O tempo vem diminuindo, de forma lenta de contínua, tentando abalar a
teimosia dos que insistem na palavra.
Há tempos a língua se calou para permitir as vozes que habitam
sua garganta. E há milhares de sílabas engasgadas precisando escapar.
Ainda assim, a serpente insiste em oferecer o que lhe tem sido negado, sob a
gratidão e a violência de ânimos virtuais.
Infelizmente muitos não compreendem as limitações, não
toleram as falhas do sono e das mãos cansadas, não admitem a convivência
com as diferenças de idade, de qualidade , de estilo, de vivência...
e não acreditam que não há nenhum capital que sustente
esta insanidade. Se houvesse, haveria também um abençoado tempo
a ser aproveitado lambendo as próprias escamas e indo em busca de belas
presas.
E a serpente permanece bifurcada, entre a teimosia do sonho e o cansaço
imenso dos dias inférteis. A correspondência talvez nunca mais
fique em dia. Os trabalhos, infelizmente, têm aguardado publicação
por mais de um mês. Os vírus não param de chegar nos e-mails
exclusivos para recebimento de trabalhos. Porque o ofídio desperta paixão
ou ódio, sem nuances.
Ainda assim, sob toda pressão para mudar de rumo, a liberdade de publicação
vai continuar. A garganta continuará aberta a todos os que queiram participar.
A autocrítica de cada um vai continuar sendo o único critério
de seleção. A convivência e a comparação com
as diferenças, a oportunidade de se expor a opinião dos leitores,
são tudo o que nossos habitantes precisam para se lapidarem - ou não.
O tempo dirá quem vai deixar seu rastro e quem descansará nas
tocas do esquecimento. E não se enganem pois o nosso tempo nem sempre
é justo.
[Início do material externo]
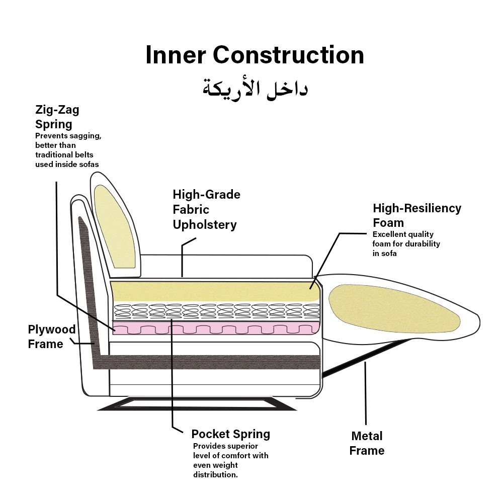 Warranty Covered - Wooden structure, Frame, Manual Mechanism, Recliner Lever, Electric Mechanism, Sitting foam, Spring, Sofa bed fitting, Sofa bed Wheels, Fibre Cushions / Pillows & Remotes are all included in the warranty.
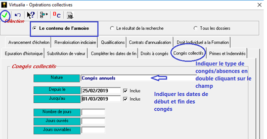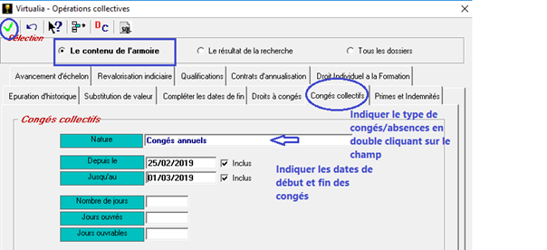 - Sélectionnez l’onglet Congés collectifs
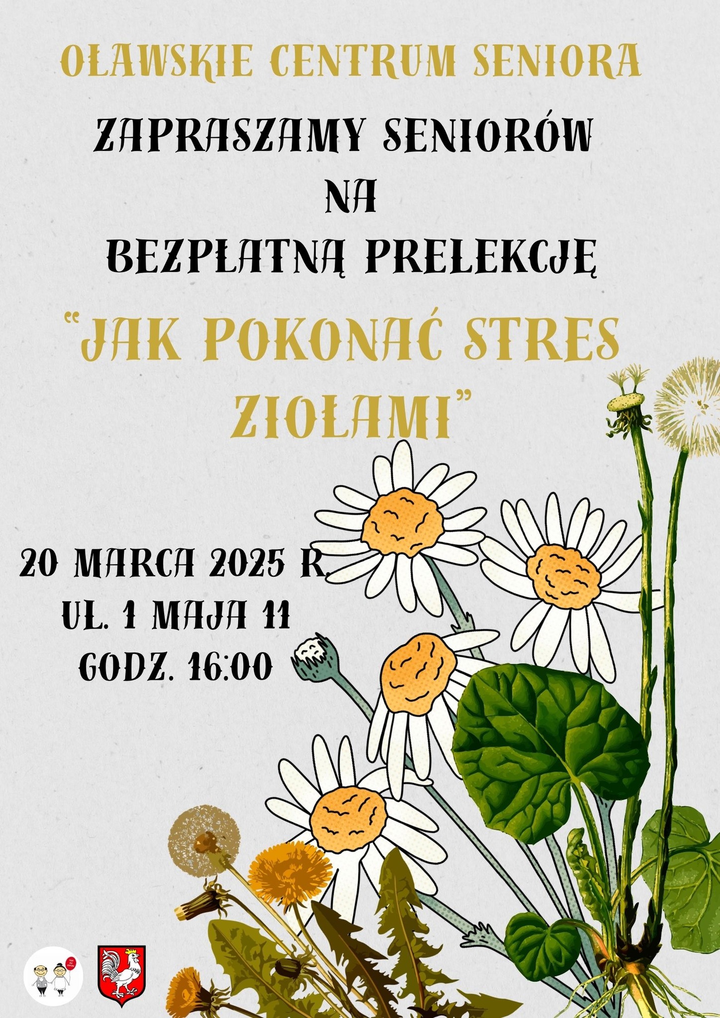 Oławskie Centrum Seniora zaprasza 20 marca na bezpłatna prelekcję "Jak pokonać stres ziołami"

Mas aqui, nos meandros virtuais dessa cobra obscura, sempre
haverá espaço para que um escritor e um leitor possam nascer.
Alguns continuarão rastejando, outros conseguirão engatinhar e
muitos vão aprender a andar, evoluindo do átomo ao ovo, dos répteis
aos mamíferos, dos símios ao homo sapiens.
Que o universo nos proteja nessa jornada.
Afie seu lápis, tire o pó do teclado e venha conosco.